Problem statement ▸ All of the entries should be restated word for word, but without their pictures.

Data excerpts ▸

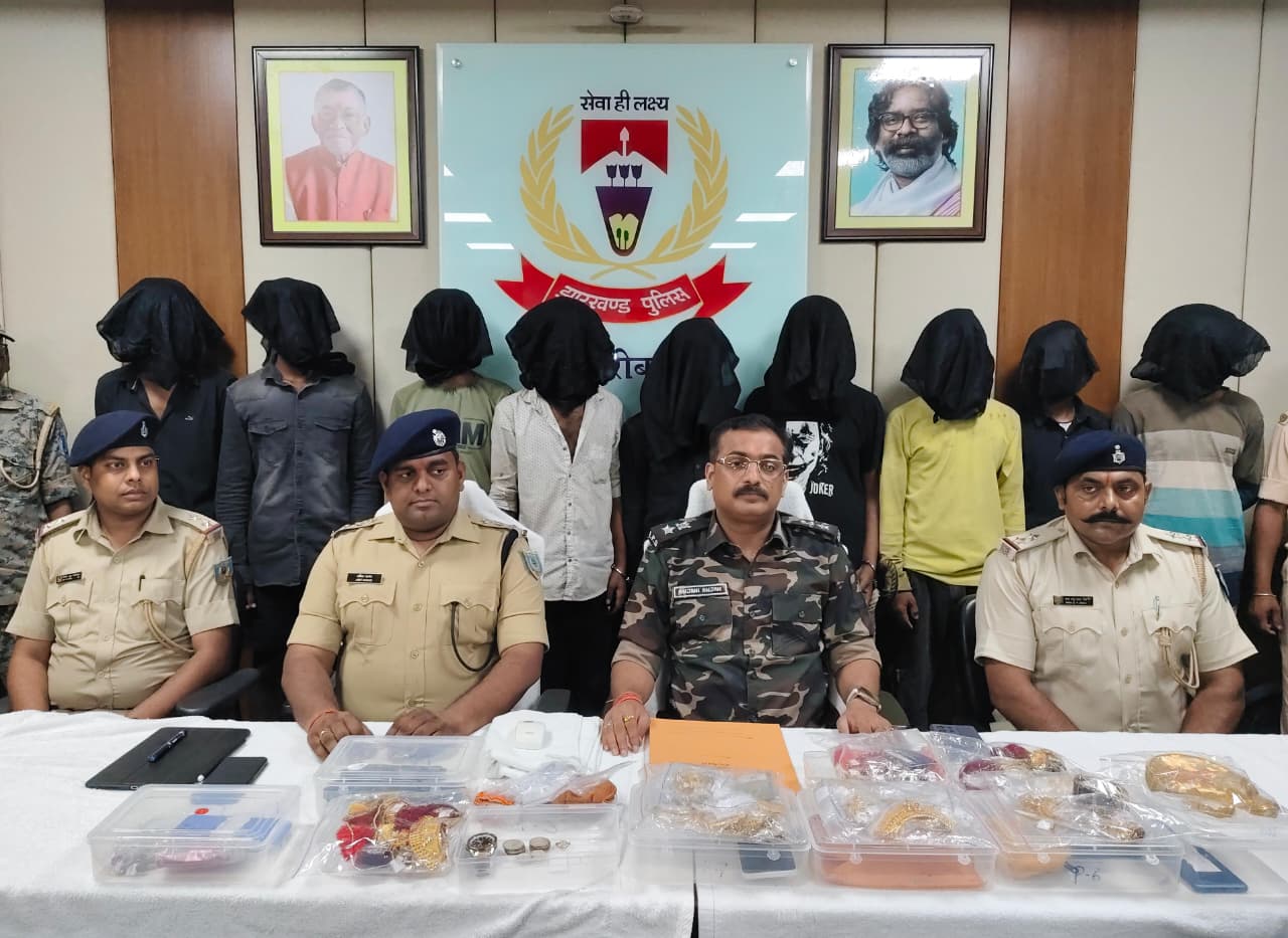 गुरुवार को घटना की जानकारी देते हुए हजारीबाग एसपी ने बताया कि 13 सितंबर को मुफस्सिल थाना क्षेत्र के बभनी निवासी सुमन कुमार मल्लिक के घर पर रात को करीब आठ की संख्या में अपराधियों ने डकैती की घटना को अंजाम दिया था., जिसमें लगभग 80 लाख रुपये मूल्य के गहने लूटे गए. इस संबंध में मुफस्सिल थाना (कांड संख्या-155/25) में मामला दर्ज किया गया. मामले की गंभीरता को देखते हुए सदर एसडीपीओ के नेतृत्व में एसआईटी टीम का गठन कर विशेष अभियान चलाया गया. लगातार छापामारी, आसूचना संकलन एवं तकनीकी शाखा के सहयोग से प्राप्त गुप्त सूचना के आधार पर बीते रात करीब 2 बजे हत्यारी जंगल में कार्रवाई कर मुख्य आरोपी रणवीर कुमार सिंह उर्फ छोटू उर्फ जोकर सहित 9 अपराधियों को गिरफ्तार किया गया. उनकी निशानदेही पर डकैती में लूटे गए 131 सोने के आभूषण 25 चाँदी के सिक्के, 2 बाईक, 1 देशी पिस्टल समेत अन्य समान बरामद किया गया.
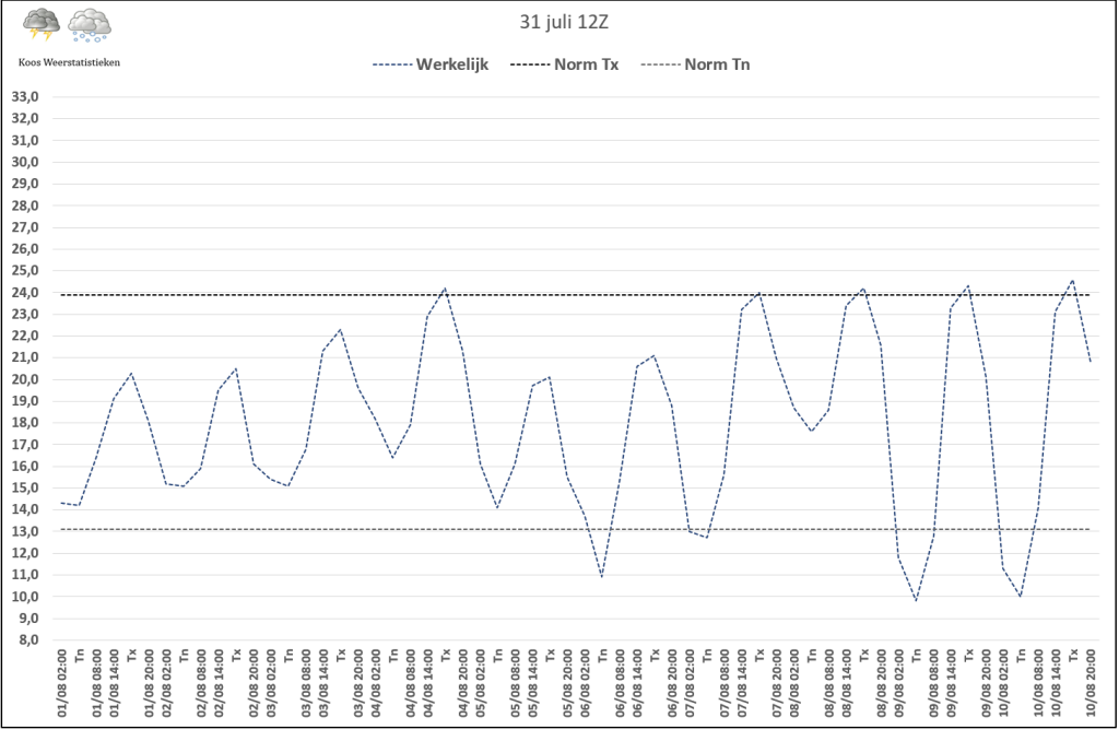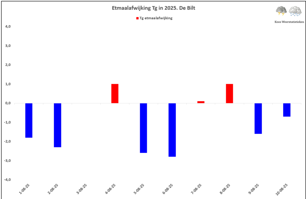 Koele 1e decade van augustus. Tg De Bilt. Vrij zonnig en vrij droog.
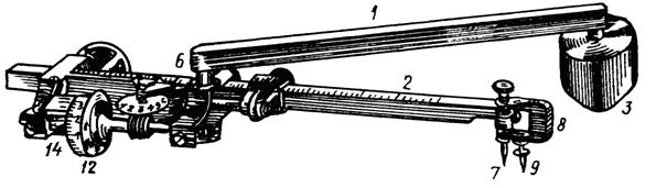Полярный планиметр (рис. 16) состоит из трех частей: полюсного 1 и обводного 2 рычагов и каретки счетного механизма. Полюсный рычаг с одной стороны имеет груз с иглой 3, которая является полюсом планиметра; перед началом измерений иглу вдавливают в бумагу. С другой стороны полюсный рычаг заканчивается шарниром 6, с помощью которого он соединяется с кареткой счетного механизма. На конце обводного рычага имеется обводный шпиль 7, которым обводят контур участка, удерживая рычаг за ручку 8. Для того чтобы шпиль не царапал карту, существует штифт 9, длину которого можно регулировать с помощью гайки. В более поздней конструкции планиметра шпиль заменен увеличительным стеклом с точкой в центре. На обводном рычаге расположена каретка со счетным механизмом (рис. 17). Он состоит из счетного колеса 12, счетчика целых оборотов счетного колеса 13 и верньера 14. При измерении площади участка ободок счетного колеса 15 и ролик 16 должны находиться в пределах листа карты.
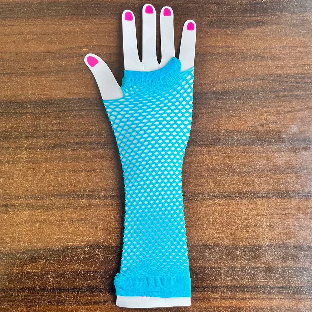 1 Pair Sexy Women Party Neon Fishnet Fingerless Long Gloves Sun Protection Sleeves Mesh Lace Thin Gloves Summer Arm Warmer
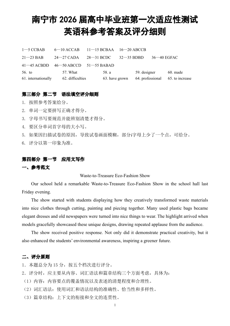 南宁市2026届普通高中毕业班第一次适应性测试 英语答案.pdf
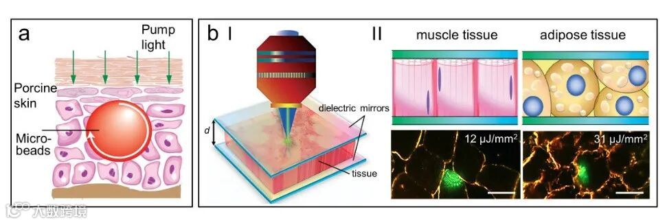 除了生物细胞,多细胞结构的活体组织同样可以采用上述类似的技术构建生物激光器(也即组织激光器)。例如,通过将荧光标记的聚苯乙烯微球植入哺乳动物活组织样本中,分别实现了眼角膜,血液和皮肤表面下200微米深处的激光发射(图3a)。另一种较为典型的组织激光器是将组织样本置于F-P谐振腔中构建的“激光发射显微镜(LEM)”(图3b)。与荧光显微镜相比,激光发射显微镜具有窄线宽(发射光谱 < 0.1nm),低阈值和高信噪比(信噪比>50)等优势,从而实现超灵敏检测,具有出色的图像对比度和更高的光谱/空间分辨率。另外,通过对组织细胞的DNA和蛋白进行特异性荧光标记,可实现多重激光,可同时检测多个靶点。

Written response ▸
 गुरुवार को घटना की जानकारी देते हुए हजारीबाग एसपी ने बताया कि 13 सितंबर को मुफस्सिल थाना क्षेत्र के बभनी निवासी सुमन कुमार मल्लिक के घर पर रात को करीब आठ की संख्या में अपराधियों ने डकैती की घटना को अंजाम दिया था., जिसमें लगभग 80 लाख रुपये मूल्य के गहने लूटे गए. इस संबंध में मुफस्सिल थाना (कांड संख्या-155/25) में मामला दर्ज किया गया. मामले की गंभीरता को देखते हुए सदर एसडीपीओ के नेतृत्व में एसआईटी टीम का गठन कर विशेष अभियान चलाया गया. लगातार छापामारी, आसूचना संकलन एवं तकनीकी शाखा के सहयोग से प्राप्त गुप्त सूचना के आधार पर बीते रात करीब 2 बजे हत्यारी जंगल में कार्रवाई कर मुख्य आरोपी रणवीर कुमार सिंह उर्फ छोटू उर्फ जोकर सहित 9 अपराधियों को गिरफ्तार किया गया. उनकी निशानदेही पर डकैती में लूटे गए 131 सोने के आभूषण 25 चाँदी के सिक्के, 2 बाईक, 1 देशी पिस्टल समेत अन्य समान बरामद किया गया.
 Koele 1e decade van augustus. Tg De Bilt. Vrij zonnig en vrij droog.
Полярный планиметр (рис. 16) состоит из трех частей: полюсного 1 и обводного 2 рычагов и каретки счетного механизма. Полюсный рычаг с одной стороны имеет груз с иглой 3, которая является полюсом планиметра; перед началом измерений иглу вдавливают в бумагу. С другой стороны полюсный рычаг заканчивается шарниром 6, с помощью которого он соединяется с кареткой счетного механизма. На конце обводного рычага имеется обводный шпиль 7, которым обводят контур участка, удерживая рычаг за ручку 8. Для того чтобы шпиль не царапал карту, существует штифт 9, длину которого можно регулировать с помощью гайки. В более поздней конструкции планиметра шпиль заменен увеличительным стеклом с точкой в центре. На обводном рычаге расположена каретка со счетным механизмом (рис. 17). Он состоит из счетного колеса 12, счетчика целых оборотов счетного колеса 13 и верньера 14. При измерении площади участка ободок счетного колеса 15 и ролик 16 должны находиться в пределах листа карты.
 1 Pair Sexy Women Party Neon Fishnet Fingerless Long Gloves Sun Protection Sleeves Mesh Lace Thin Gloves Summer Arm Warmer
 南宁市2026届普通高中毕业班第一次适应性测试 英语答案.pdf
 除了生物细胞,多细胞结构的活体组织同样可以采用上述类似的技术构建生物激光器(也即组织激光器)。例如,通过将荧光标记的聚苯乙烯微球植入哺乳动物活组织样本中,分别实现了眼角膜,血液和皮肤表面下200微米深处的激光发射(图3a)。另一种较为典型的组织激光器是将组织样本置于F-P谐振腔中构建的“激光发射显微镜(LEM)”(图3b)。与荧光显微镜相比,激光发射显微镜具有窄线宽(发射光谱 < 0.1nm),低阈值和高信噪比(信噪比>50)等优势,从而实现超灵敏检测,具有出色的图像对比度和更高的光谱/空间分辨率。另外,通过对组织细胞的DNA和蛋白进行特异性荧光标记,可实现多重激光,可同时检测多个靶点。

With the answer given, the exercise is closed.